Provided data START
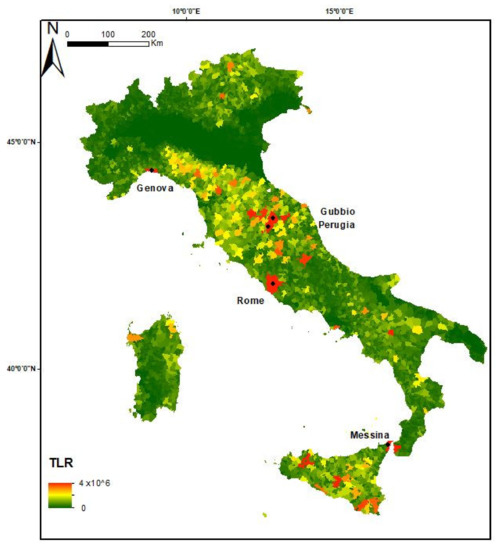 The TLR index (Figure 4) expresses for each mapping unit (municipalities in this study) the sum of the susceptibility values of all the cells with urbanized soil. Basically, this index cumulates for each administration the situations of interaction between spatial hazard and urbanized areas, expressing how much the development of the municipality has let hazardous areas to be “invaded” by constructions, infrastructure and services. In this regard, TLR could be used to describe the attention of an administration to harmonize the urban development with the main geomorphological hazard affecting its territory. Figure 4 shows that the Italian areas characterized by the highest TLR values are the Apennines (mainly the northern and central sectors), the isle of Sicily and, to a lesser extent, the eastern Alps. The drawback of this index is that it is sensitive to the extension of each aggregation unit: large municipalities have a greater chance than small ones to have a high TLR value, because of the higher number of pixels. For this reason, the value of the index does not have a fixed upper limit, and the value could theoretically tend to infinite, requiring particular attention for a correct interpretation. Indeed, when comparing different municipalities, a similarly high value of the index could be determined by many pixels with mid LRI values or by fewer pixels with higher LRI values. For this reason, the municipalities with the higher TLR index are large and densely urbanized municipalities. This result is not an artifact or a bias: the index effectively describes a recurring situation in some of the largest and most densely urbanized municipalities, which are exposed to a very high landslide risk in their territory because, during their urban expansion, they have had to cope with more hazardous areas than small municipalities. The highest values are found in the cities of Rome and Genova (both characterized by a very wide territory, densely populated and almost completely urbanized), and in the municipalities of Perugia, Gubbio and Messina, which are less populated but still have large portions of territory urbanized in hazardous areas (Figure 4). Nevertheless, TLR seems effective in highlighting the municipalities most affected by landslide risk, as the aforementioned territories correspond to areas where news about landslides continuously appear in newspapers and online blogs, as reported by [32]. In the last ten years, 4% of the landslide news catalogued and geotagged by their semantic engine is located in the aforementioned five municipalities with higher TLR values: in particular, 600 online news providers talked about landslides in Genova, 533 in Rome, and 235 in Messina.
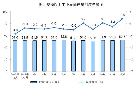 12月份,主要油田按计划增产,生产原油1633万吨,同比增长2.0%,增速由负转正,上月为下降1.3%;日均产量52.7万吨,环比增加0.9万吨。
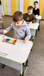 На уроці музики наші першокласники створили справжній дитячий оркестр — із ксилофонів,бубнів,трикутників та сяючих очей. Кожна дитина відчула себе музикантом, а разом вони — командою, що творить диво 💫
Provided data END
Provided data START
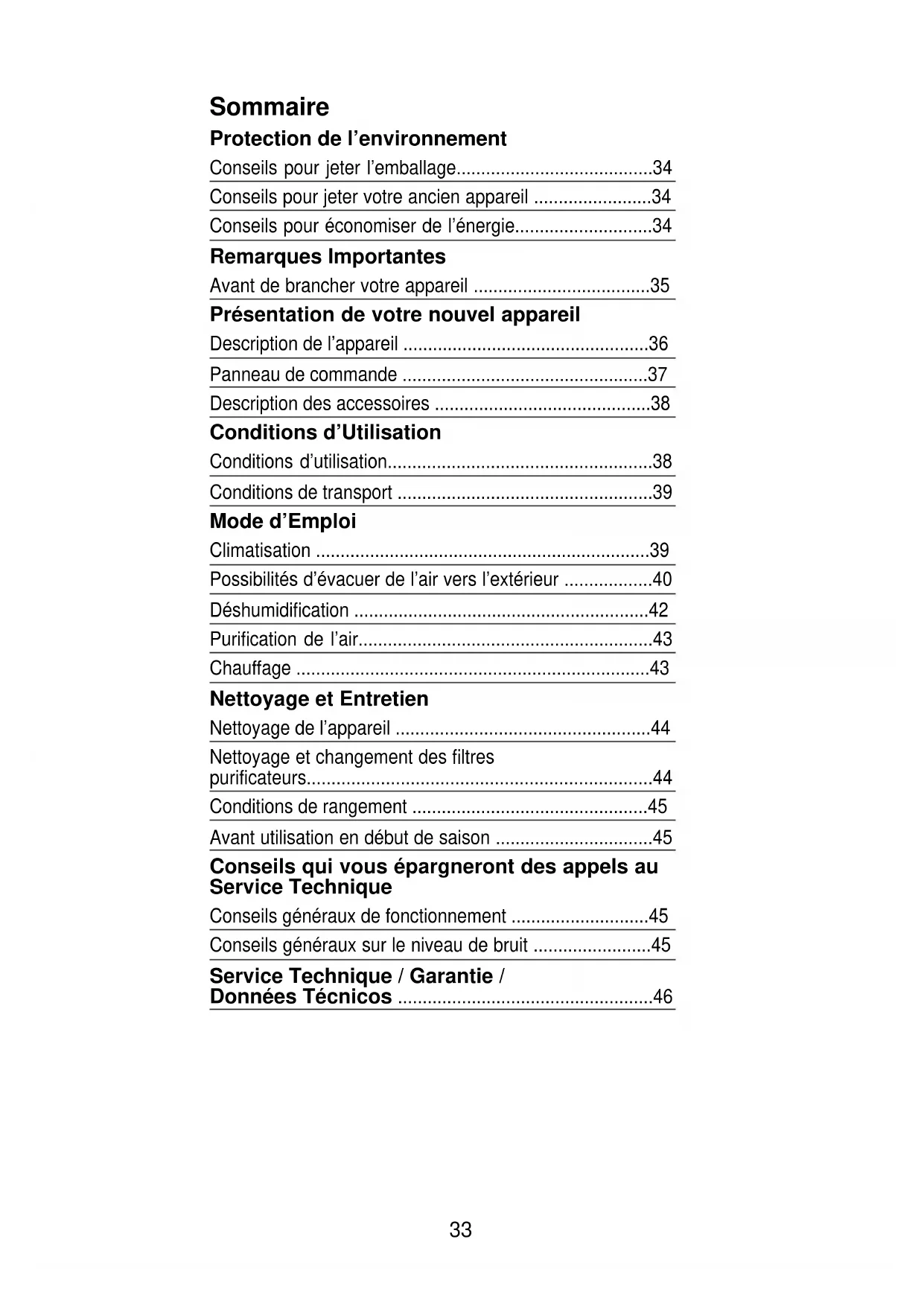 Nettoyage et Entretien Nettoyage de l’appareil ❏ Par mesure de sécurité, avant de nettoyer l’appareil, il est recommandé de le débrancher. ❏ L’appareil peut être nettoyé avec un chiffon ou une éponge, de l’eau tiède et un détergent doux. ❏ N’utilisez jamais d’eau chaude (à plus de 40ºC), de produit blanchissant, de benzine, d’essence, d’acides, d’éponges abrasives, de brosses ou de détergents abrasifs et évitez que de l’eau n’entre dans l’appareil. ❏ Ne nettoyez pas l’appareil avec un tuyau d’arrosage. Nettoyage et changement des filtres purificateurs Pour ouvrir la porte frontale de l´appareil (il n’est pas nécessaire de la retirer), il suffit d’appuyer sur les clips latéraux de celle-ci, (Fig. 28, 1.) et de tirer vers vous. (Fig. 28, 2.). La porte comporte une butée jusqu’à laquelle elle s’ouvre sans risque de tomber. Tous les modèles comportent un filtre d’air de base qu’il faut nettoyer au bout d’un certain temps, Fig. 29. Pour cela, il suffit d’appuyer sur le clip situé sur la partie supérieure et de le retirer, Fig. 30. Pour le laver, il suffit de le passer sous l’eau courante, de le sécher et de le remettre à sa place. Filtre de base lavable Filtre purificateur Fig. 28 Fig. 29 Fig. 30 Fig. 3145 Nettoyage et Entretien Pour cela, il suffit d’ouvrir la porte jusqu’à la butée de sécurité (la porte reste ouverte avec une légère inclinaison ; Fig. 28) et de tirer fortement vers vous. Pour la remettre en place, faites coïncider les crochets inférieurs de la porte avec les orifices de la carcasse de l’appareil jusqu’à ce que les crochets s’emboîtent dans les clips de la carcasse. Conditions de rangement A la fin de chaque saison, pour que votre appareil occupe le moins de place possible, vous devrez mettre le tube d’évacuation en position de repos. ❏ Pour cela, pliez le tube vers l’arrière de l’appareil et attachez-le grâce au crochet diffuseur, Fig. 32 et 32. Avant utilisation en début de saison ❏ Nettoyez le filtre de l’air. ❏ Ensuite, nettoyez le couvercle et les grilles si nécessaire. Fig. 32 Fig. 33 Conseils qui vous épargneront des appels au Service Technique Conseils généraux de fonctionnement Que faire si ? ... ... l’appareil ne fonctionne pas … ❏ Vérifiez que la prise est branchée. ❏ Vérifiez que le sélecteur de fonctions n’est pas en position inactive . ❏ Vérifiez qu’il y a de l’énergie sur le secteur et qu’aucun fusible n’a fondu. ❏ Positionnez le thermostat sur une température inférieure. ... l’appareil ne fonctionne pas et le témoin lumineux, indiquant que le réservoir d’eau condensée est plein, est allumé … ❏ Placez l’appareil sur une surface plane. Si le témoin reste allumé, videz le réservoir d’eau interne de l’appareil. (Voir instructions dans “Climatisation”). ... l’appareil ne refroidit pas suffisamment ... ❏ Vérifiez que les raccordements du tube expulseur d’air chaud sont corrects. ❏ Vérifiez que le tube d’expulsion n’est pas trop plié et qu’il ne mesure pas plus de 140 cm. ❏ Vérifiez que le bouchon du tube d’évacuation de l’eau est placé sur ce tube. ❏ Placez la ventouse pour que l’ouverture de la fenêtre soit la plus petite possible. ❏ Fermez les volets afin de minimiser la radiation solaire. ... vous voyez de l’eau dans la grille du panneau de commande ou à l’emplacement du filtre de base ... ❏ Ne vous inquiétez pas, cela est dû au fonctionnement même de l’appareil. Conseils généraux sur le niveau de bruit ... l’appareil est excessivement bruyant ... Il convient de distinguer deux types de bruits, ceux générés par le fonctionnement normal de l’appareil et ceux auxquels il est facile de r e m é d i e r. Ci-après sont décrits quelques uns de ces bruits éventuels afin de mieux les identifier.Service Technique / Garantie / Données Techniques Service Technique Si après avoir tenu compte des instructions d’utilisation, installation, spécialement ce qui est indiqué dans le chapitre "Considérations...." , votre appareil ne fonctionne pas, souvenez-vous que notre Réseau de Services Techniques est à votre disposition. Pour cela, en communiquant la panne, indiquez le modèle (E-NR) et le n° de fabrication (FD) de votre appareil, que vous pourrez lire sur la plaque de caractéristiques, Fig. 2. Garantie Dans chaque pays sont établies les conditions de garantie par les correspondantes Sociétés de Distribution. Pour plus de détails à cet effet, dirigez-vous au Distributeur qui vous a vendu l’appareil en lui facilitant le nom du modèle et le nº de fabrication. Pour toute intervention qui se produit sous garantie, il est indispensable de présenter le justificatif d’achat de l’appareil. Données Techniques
Provided data END
Provided data START
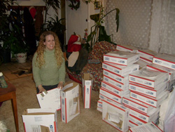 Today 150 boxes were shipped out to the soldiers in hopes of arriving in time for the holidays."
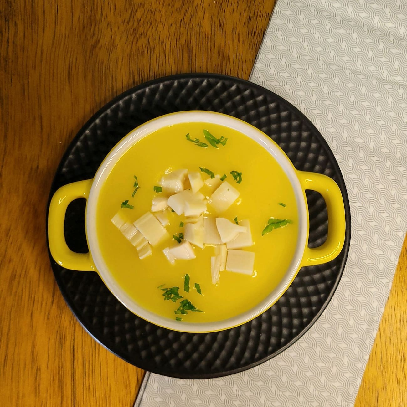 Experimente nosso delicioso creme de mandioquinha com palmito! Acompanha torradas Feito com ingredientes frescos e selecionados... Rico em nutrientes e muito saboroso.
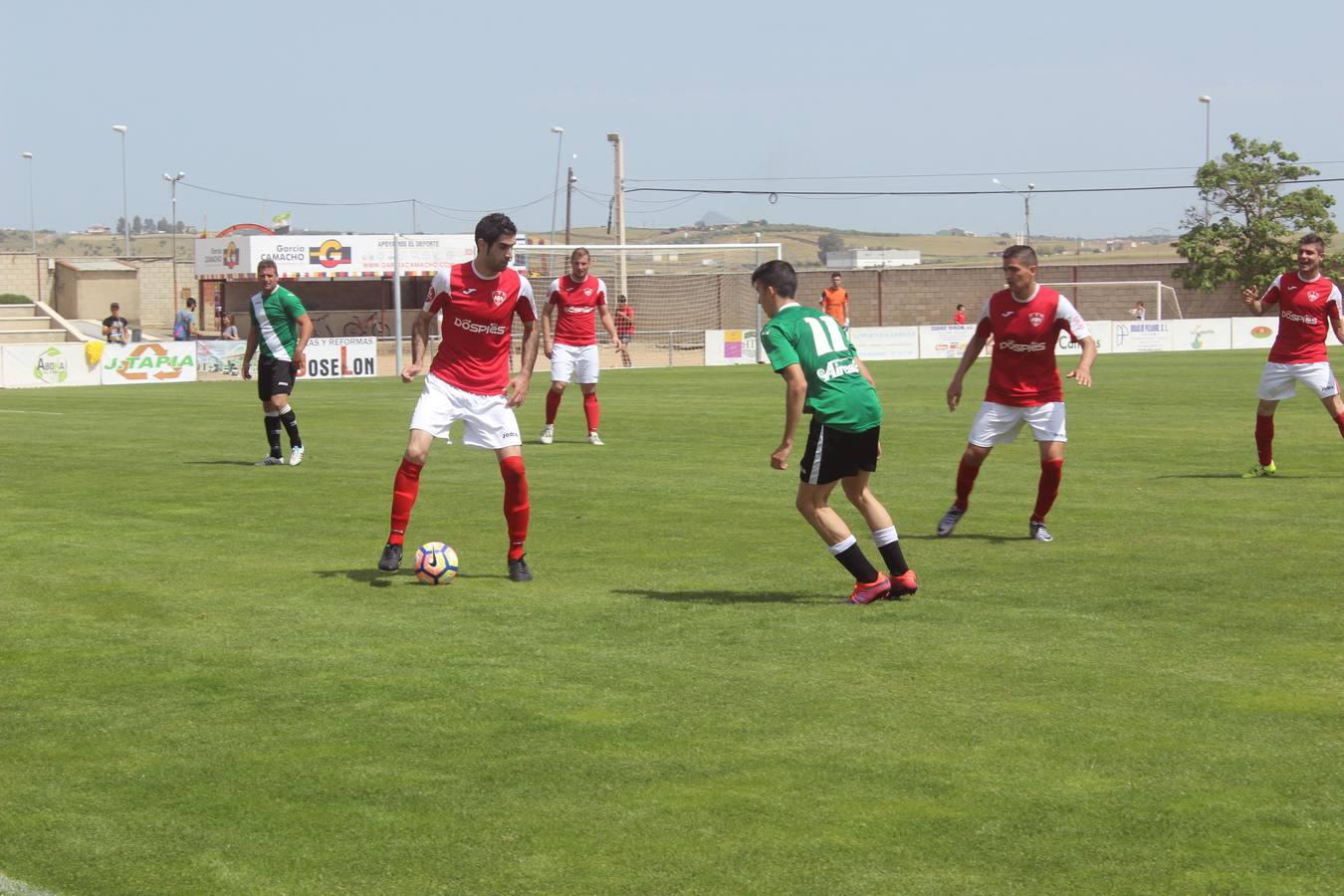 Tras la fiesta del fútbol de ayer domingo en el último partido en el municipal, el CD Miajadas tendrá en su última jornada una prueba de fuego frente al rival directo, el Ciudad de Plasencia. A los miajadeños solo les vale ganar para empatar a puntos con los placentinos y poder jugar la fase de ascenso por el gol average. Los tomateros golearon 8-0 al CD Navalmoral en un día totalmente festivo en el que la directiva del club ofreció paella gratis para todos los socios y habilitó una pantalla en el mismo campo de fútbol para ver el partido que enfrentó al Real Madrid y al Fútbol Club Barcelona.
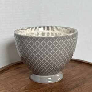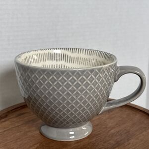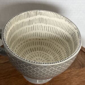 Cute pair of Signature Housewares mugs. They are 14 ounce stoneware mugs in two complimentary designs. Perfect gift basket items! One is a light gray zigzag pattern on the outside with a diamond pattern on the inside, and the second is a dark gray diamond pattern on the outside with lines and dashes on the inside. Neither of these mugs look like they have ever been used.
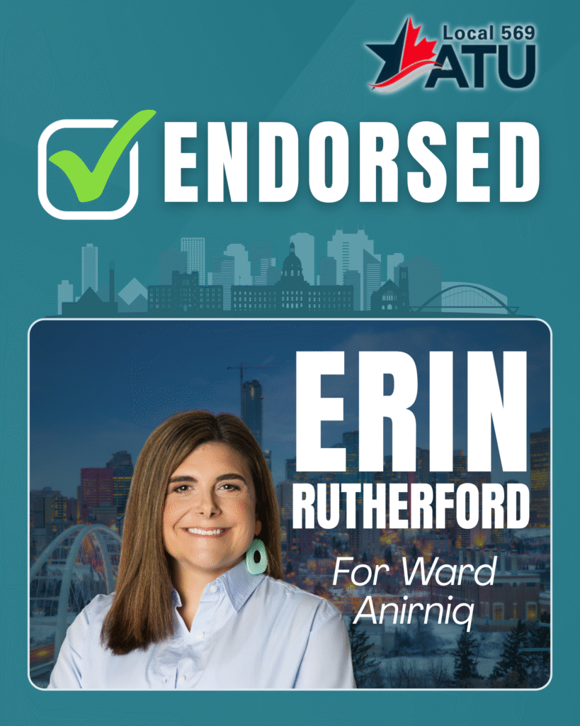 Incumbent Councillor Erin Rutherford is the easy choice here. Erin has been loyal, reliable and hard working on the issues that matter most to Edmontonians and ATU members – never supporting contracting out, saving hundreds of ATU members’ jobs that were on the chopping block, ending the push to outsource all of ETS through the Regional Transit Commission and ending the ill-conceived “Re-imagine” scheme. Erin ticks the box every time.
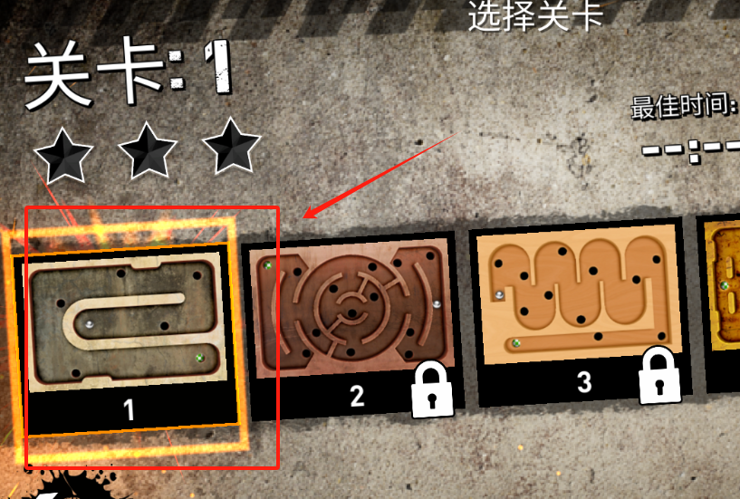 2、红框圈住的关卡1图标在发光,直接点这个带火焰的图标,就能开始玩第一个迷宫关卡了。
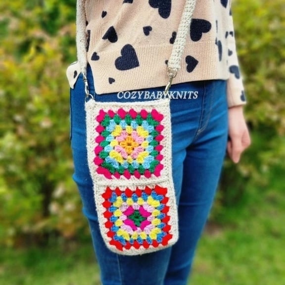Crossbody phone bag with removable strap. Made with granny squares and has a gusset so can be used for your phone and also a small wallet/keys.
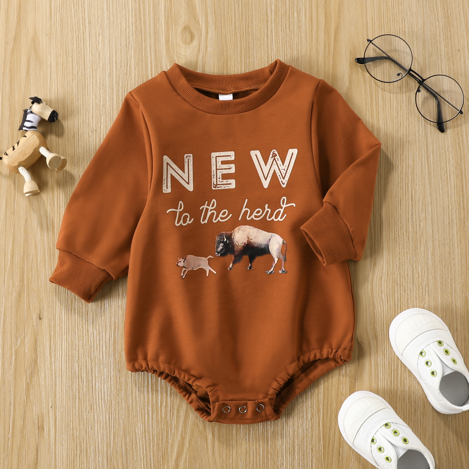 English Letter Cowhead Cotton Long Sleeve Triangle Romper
Provided data END
In the entries above, which lines run from the one with "2、红框圈住的关卡1图标在发" up to and including the one with "English Letter Cowhead"? Write them out exactly, without the pictures.

 2、红框圈住的关卡1图标在发光,直接点这个带火焰的图标,就能开始玩第一个迷宫关卡了。
Crossbody phone bag with removable strap. Made with granny squares and has a gusset so can be used for your phone and also a small wallet/keys.
 English Letter Cowhead Cotton Long Sleeve Triangle Romper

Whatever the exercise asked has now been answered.